Affirm, a fintech startup founded in 2012 by PayPal co-founder Max Levchin, is among a cohort of "buy now, pay later" startups that enable consumers to use microloans to defer their payments on goods they purchase online.
The company reported a net loss of $125.8 million during its latest fiscal year, which ended on June 30, down more than 6% from FY 2019.
Affirm's annual revenue increased to $509.5 million, up 93% from $264.4 million year-over-year — total expenses also grew around 67% during the same period to $617.3 million from $391.8 million, according to the filing.
Affirm reported just shy of $174 million in quarterly revenue for Q1 2021, up nearly 98% from $87.9 million during the same quarterly period last year, while net losses dropped by around half to $15.3 million from $30.6 million as installment payment startups have exploded during the pandemic.
Affirm is planning to list its Class A shares on the Nasdaq under the ticker symbol "AFRM," while Levchin and others will be issued Class B shares with 15-to-1 voting rights that will allow them to maintain control over the company.
Goldman Sachs, Morgan Stanley, Allen & Company, and Barclays are listed among the banks underwriting the offering, through which Affirm said it's expecting to raise $100 million — a likely placeholder number. The startup could seek up to a $10 billion valuation, The Wall Street Journal reported in October.
Affirm was valued at $2.9 billion in April 2019 and has raised $1.6 billion to date from investors, according to PitchBook. Its largest investors, according to Wednesday's filing, are Jasmin Ventures, Lightspeed Venture Partners, Founders Fund, Khosla Ventures, and Shopify.
Online sellers have been looking to services like Affirm as a way to entice shoppers to keep spending despite economic fallout from the pandemic, and these buzzy startups have seen a surge in inbounds from merchants across all industries, including fashion, home goods, and airlines.

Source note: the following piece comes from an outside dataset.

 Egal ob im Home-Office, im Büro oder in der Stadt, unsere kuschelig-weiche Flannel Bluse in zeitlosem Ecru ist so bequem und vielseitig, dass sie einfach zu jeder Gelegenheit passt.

Despite a tough environment for venture-backed companies, Levchin told Business Insider's Shannen Balogh in April that Affirm was "eyeing expansion opportunities as opposed to trying to hunker down and just survive by any means necessary."

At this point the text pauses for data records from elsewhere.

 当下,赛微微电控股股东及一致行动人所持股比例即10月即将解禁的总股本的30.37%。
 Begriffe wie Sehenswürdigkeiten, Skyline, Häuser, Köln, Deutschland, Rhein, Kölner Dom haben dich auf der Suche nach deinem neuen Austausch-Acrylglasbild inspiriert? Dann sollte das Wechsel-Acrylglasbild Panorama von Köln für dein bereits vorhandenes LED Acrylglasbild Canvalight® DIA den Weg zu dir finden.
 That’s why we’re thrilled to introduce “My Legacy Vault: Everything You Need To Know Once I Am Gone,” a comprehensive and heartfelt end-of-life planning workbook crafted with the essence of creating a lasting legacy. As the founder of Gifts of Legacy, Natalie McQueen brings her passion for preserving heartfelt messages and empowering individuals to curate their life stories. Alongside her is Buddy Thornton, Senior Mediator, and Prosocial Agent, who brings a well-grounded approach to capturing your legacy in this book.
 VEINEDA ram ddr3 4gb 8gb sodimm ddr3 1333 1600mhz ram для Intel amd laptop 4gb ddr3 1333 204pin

The company reported that gross merchandise volume, or the total amount consumers paid for online using its services, increased 77% to $4.6 billion over the past fiscal year.
Affirm partners with merchants big and small, from international brands like Adidas to niche retailers like Brooklinen and Peloton as well as an exclusive partnership with Shopify — more than 6,000 in total, Business Insider previously reported.
The relative size of those partnerships could also be a liability, however. Affirm said in the filing that Peloton alone accounted for 28% of its revenue during Q1 2021 — a growing proportion that it attributed to the rise of spending on home fitness equipment during the pandemic — while its top ten merchants accounted for around 35% of its revenue during FY 2020.